While Digby – a straight-up bigot with nothing but disdain for the Indians – is all too happy with the terrorist plot theory, this interpretation doesn’t sit well with Wyndham. His Indian sergeant, Surrender-not Banerjee (the Brits can’t or won’t pronounce his first name properly) also doubts Sen’s guilt. The Bengali used in the note, he points out, is extremely formal – the kind taught and not the vernacular. As Sen and his band are largely well-educated and can speak English, why would they not render their warning in English?

There’s lots more to it. MacAuley’s friend Buchan, a jute millionaire, seems to be hiding something. So is the owner of the brothel, Mrs Bose. The man next in line for MacAuley’s job disliked his boss intensely, and has some business interests that will benefit with MacAuley out of the way. When Wyndham, Digby and Banerjee finally catch up with Sen, they find he’s renounced violence.

But nobody in the colonial administration – from the secret police in Section H through to its Lieutenant Governor – wants that story. Throughout the book Abir Mukherjee explores the moral legitimacy of the colonial administration – or lack thereof. As well as Christianity and education, the British claim to have brought a fair system of justice to India. However, with the threat of an uprising, justice is twisted towards the maintenance of British power. Not everyone in British India will get British justice.

Like most good mysteries, the plot is complex with plenty of twists and turns, a peppering of action, and there is the political intrigue particularly when Section H gets involved. What elevates A Rising Man, however, is how important the victim’s backstory becomes. MacAuley isn’t just dead meat in this story. And it’s not just who he was and what he did that’s important. What MacAuley was really like makes the difference. Wyndham’s investigation of the man’s friendship with a Scottish reverend called Gunn, working at an orphanage outside Calcutta, not only breaks the case but gives it human depth to run alongside the political machinations.

Abir Mukherjee paints a picture of Calcutta at the height of its colonial glory with its segregated living, enormous palaces, humid heat and gargantuan river. There are times when you’ll wonder whether a man like Wyndham would really be as enlightened towards the Indians as he seems.
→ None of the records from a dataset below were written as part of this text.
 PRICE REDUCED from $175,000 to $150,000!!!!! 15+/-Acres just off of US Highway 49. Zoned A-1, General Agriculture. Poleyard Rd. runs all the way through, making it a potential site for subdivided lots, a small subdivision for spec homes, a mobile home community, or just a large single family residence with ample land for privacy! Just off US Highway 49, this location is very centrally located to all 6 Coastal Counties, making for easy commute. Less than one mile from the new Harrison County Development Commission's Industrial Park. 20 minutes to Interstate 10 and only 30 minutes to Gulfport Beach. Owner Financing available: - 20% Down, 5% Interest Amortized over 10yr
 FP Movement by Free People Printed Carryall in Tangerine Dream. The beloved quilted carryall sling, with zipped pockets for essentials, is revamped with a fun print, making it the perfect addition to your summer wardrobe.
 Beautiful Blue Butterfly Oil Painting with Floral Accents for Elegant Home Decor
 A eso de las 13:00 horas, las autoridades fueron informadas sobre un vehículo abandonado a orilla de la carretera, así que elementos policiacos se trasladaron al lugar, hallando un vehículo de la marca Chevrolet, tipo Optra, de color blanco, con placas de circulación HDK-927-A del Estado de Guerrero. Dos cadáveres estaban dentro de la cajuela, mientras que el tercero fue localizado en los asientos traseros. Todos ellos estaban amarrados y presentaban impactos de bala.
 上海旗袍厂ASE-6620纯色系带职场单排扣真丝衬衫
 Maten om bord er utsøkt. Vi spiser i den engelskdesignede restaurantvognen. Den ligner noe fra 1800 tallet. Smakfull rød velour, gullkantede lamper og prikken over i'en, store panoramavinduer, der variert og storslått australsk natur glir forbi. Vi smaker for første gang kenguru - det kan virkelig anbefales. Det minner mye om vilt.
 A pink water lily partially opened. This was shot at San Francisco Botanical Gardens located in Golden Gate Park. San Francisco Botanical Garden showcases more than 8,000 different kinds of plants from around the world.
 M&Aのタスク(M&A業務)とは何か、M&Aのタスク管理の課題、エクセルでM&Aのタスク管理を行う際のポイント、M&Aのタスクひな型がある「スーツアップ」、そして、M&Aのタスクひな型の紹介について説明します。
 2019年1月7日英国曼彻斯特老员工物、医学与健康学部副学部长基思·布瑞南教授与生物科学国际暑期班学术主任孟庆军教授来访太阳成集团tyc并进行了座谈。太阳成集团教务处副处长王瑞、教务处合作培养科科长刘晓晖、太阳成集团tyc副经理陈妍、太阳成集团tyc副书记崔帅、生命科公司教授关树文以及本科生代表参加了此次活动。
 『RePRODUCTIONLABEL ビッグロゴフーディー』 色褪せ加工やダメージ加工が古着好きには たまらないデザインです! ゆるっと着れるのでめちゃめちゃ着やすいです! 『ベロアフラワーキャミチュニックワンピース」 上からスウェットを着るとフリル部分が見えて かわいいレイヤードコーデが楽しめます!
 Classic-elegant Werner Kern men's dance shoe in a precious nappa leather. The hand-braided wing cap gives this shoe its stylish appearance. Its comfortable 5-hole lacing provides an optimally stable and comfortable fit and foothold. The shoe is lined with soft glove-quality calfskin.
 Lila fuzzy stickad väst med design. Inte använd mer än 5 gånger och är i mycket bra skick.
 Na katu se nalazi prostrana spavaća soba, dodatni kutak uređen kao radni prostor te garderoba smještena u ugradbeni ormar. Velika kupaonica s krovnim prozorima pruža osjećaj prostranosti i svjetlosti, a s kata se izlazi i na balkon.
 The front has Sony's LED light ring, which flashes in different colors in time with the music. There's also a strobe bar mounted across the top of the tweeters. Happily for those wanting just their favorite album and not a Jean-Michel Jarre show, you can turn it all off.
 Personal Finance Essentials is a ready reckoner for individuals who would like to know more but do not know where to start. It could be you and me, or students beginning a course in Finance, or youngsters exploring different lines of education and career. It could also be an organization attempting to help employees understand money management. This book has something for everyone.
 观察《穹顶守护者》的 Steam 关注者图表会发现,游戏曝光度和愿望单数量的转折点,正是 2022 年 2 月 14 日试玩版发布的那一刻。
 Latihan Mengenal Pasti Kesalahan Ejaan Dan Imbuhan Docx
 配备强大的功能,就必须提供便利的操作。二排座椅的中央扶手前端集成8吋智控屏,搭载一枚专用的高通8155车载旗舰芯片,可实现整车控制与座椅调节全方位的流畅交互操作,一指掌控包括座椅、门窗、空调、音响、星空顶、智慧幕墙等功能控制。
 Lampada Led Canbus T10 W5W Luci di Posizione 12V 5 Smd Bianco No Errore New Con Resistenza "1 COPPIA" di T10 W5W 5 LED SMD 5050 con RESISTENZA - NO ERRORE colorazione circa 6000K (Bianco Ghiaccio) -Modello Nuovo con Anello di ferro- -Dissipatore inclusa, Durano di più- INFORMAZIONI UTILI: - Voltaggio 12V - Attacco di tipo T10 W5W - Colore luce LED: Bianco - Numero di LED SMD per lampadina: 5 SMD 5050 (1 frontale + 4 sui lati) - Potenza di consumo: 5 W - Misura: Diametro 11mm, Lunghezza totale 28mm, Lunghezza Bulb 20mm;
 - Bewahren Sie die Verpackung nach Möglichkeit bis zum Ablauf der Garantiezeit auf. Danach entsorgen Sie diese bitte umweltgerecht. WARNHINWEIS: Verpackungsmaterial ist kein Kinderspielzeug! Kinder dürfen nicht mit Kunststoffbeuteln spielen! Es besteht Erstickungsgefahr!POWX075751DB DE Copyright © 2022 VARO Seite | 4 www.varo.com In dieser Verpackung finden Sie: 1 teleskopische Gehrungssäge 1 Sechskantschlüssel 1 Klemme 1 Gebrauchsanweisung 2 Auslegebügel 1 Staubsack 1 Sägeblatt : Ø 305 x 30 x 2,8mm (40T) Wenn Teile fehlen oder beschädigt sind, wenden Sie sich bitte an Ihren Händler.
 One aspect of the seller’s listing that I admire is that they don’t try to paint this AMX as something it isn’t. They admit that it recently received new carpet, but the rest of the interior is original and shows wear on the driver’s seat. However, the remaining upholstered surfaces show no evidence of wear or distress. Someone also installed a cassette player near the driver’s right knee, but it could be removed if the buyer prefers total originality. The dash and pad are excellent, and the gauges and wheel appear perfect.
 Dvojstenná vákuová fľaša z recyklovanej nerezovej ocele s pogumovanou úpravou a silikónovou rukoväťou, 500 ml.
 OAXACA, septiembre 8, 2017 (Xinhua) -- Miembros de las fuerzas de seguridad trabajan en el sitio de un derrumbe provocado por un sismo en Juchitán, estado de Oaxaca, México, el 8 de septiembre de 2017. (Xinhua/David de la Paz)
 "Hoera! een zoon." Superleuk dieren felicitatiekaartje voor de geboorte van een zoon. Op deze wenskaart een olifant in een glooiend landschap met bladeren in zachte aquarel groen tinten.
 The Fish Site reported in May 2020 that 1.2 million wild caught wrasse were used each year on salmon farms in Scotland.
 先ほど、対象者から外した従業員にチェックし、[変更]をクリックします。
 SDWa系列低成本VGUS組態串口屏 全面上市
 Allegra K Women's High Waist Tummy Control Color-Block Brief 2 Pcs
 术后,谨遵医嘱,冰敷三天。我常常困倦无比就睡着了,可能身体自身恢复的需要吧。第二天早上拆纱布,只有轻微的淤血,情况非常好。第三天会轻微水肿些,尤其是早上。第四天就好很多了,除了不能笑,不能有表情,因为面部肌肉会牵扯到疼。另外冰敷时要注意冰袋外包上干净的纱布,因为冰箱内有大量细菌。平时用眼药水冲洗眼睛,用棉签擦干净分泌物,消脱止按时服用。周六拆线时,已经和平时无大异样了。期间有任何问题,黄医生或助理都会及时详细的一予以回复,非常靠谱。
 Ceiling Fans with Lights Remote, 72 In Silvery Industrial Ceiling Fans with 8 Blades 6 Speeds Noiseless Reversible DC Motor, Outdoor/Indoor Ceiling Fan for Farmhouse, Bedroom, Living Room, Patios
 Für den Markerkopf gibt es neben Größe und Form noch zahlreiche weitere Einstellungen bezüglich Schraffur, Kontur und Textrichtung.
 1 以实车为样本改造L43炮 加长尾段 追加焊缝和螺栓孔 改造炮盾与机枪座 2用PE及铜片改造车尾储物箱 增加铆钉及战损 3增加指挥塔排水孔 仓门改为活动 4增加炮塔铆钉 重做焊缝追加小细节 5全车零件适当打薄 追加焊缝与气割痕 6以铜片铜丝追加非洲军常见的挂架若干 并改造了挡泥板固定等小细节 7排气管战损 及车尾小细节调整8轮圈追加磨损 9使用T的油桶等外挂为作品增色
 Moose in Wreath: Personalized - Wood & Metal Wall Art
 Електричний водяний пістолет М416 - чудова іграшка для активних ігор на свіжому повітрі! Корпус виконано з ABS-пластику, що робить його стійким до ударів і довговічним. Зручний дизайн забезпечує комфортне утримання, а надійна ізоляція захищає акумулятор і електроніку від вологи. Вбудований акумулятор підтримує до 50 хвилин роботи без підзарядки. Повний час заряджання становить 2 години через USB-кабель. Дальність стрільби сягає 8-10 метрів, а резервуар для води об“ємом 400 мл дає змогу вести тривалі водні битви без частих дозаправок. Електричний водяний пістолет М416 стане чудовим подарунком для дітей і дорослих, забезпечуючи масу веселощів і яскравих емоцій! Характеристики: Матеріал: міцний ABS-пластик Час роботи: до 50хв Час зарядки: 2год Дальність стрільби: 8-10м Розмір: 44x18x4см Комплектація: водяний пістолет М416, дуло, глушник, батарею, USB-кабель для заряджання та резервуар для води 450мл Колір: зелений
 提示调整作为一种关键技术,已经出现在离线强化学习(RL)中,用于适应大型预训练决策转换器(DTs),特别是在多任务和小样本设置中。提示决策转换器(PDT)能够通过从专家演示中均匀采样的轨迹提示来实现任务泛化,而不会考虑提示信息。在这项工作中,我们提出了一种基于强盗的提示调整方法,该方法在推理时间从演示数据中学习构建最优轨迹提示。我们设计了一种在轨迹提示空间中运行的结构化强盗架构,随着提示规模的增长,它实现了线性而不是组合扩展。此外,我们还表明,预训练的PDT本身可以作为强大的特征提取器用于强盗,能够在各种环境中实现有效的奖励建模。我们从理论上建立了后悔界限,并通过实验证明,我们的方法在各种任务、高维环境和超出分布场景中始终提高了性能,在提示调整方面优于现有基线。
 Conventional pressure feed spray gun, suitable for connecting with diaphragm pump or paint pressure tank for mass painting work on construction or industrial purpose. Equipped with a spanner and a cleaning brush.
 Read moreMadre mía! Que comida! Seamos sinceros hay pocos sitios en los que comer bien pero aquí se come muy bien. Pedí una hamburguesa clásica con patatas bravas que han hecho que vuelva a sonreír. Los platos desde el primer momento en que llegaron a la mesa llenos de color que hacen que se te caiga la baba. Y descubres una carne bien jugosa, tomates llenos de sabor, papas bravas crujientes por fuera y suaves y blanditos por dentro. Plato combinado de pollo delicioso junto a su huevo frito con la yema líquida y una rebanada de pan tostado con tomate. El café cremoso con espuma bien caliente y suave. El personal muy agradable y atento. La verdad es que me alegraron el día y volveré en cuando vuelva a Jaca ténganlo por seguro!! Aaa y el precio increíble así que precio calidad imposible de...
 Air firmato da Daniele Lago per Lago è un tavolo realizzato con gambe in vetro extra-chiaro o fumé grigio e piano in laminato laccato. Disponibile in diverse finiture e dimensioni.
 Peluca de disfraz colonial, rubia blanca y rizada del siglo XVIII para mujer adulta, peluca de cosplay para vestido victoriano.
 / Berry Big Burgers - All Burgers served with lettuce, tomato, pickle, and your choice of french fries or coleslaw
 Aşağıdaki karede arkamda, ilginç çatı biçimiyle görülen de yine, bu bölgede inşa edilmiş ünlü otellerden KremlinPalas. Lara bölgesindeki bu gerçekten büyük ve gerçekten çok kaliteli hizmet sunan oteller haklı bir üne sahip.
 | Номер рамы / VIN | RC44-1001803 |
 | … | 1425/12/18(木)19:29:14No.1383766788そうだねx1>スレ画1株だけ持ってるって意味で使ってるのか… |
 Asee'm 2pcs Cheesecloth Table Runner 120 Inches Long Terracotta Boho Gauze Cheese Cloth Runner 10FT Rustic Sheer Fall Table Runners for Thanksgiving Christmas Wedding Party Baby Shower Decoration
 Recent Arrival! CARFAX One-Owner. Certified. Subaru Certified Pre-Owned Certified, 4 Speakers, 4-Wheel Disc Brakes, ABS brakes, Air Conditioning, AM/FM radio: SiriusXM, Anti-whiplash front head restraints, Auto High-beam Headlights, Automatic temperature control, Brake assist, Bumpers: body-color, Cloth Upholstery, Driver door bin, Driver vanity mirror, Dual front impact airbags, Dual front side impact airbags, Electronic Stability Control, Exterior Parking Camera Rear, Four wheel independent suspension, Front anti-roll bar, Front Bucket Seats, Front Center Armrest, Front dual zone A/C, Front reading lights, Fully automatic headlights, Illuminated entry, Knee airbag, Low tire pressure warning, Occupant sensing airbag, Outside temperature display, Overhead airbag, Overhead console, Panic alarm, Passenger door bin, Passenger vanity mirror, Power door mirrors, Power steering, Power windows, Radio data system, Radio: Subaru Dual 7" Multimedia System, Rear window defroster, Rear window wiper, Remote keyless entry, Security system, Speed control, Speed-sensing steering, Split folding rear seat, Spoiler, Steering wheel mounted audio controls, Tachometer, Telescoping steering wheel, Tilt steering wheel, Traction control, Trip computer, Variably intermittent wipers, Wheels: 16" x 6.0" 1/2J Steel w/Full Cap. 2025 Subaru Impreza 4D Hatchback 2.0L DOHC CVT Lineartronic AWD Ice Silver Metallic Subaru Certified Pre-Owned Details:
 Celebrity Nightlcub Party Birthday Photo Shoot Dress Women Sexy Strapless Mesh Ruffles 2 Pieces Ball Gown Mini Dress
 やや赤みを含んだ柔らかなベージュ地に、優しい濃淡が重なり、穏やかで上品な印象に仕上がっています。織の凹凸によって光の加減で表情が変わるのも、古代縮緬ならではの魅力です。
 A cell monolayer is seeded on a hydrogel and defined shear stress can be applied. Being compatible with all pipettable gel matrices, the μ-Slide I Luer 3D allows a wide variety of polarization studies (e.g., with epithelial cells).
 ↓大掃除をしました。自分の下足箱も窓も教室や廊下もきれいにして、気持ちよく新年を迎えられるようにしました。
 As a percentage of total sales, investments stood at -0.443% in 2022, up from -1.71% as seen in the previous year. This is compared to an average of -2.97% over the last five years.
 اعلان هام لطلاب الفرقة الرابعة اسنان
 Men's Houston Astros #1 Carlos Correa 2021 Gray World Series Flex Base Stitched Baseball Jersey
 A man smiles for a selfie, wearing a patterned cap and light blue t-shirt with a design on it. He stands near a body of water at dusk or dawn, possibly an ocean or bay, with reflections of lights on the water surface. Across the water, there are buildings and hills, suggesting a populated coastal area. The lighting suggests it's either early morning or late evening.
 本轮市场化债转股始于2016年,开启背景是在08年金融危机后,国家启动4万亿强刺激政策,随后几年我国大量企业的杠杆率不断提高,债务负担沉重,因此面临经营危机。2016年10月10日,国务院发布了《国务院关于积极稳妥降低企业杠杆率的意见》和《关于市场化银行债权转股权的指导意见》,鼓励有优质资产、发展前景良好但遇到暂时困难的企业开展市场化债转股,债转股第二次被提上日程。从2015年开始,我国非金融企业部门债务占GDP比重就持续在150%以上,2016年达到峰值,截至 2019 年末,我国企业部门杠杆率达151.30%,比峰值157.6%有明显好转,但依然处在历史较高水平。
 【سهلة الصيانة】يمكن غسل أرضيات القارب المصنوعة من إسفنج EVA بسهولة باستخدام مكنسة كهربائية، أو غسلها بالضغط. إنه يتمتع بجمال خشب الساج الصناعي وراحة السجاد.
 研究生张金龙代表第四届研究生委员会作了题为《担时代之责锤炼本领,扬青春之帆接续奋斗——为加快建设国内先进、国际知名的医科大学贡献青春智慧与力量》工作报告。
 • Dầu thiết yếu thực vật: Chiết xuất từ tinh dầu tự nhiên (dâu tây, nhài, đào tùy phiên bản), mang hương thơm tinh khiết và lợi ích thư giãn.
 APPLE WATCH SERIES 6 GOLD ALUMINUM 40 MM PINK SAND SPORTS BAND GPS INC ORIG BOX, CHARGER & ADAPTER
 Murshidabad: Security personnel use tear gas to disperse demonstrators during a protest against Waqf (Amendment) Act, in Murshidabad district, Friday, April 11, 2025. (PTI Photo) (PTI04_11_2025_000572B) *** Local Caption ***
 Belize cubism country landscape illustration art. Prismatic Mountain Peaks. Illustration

At one point he refers to the fish that attend a shark as it swims and I’m not sure underwater photography was advanced enough in 1919 for many people to be aware of pilot fish. However, the smattering of Indian words that are part of the colonial vernacular – like pukka, wallah and sahib – plus an Anglo-Indian love interest for our hero make it feel real enough. There’s even a map of 1919 Calcutta in the early pages for you to follow.

Will Wyndham find MacAuley’s real killer, despite the fact that his chief suspects and the secret police seem to be two steps ahead of his every move? Read A Rising Man and find out.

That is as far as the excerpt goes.